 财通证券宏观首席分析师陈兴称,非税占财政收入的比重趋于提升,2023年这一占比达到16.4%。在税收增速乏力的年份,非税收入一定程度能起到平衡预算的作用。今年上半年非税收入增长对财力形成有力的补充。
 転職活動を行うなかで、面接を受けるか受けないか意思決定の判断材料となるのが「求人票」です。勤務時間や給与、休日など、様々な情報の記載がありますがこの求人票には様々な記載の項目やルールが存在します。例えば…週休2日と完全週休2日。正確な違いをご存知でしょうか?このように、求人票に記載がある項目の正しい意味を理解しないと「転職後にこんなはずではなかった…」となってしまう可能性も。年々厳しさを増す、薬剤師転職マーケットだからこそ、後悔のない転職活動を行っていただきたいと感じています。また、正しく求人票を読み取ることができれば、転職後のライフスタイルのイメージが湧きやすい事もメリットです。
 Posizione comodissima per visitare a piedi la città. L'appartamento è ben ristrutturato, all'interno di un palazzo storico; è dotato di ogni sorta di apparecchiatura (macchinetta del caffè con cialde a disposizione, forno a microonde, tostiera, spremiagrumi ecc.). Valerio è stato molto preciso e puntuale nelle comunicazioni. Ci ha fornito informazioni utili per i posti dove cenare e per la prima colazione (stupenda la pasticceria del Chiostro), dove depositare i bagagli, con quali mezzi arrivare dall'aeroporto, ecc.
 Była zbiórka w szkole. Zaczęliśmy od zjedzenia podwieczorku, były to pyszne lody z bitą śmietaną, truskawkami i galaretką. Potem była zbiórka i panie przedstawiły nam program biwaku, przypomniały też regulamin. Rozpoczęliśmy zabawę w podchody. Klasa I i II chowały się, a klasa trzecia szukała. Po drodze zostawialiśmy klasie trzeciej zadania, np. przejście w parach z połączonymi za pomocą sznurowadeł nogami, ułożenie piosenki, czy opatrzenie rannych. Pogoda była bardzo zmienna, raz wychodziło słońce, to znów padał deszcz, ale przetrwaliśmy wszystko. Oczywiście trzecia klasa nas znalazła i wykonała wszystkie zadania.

→ **About this exercise**:
Starting with the first line of the listing above and ending with the line that holds "転職活動を行うなかで、面接を", return those lines exactly as written, both included.

→ **Completed task**:
 财通证券宏观首席分析师陈兴称,非税占财政收入的比重趋于提升,2023年这一占比达到16.4%。在税收增速乏力的年份,非税收入一定程度能起到平衡预算的作用。今年上半年非税收入增长对财力形成有力的补充。
 転職活動を行うなかで、面接を受けるか受けないか意思決定の判断材料となるのが「求人票」です。勤務時間や給与、休日など、様々な情報の記載がありますがこの求人票には様々な記載の項目やルールが存在します。例えば…週休2日と完全週休2日。正確な違いをご存知でしょうか?このように、求人票に記載がある項目の正しい意味を理解しないと「転職後にこんなはずではなかった…」となってしまう可能性も。年々厳しさを増す、薬剤師転職マーケットだからこそ、後悔のない転職活動を行っていただきたいと感じています。また、正しく求人票を読み取ることができれば、転職後のライフスタイルのイメージが湧きやすい事もメリットです。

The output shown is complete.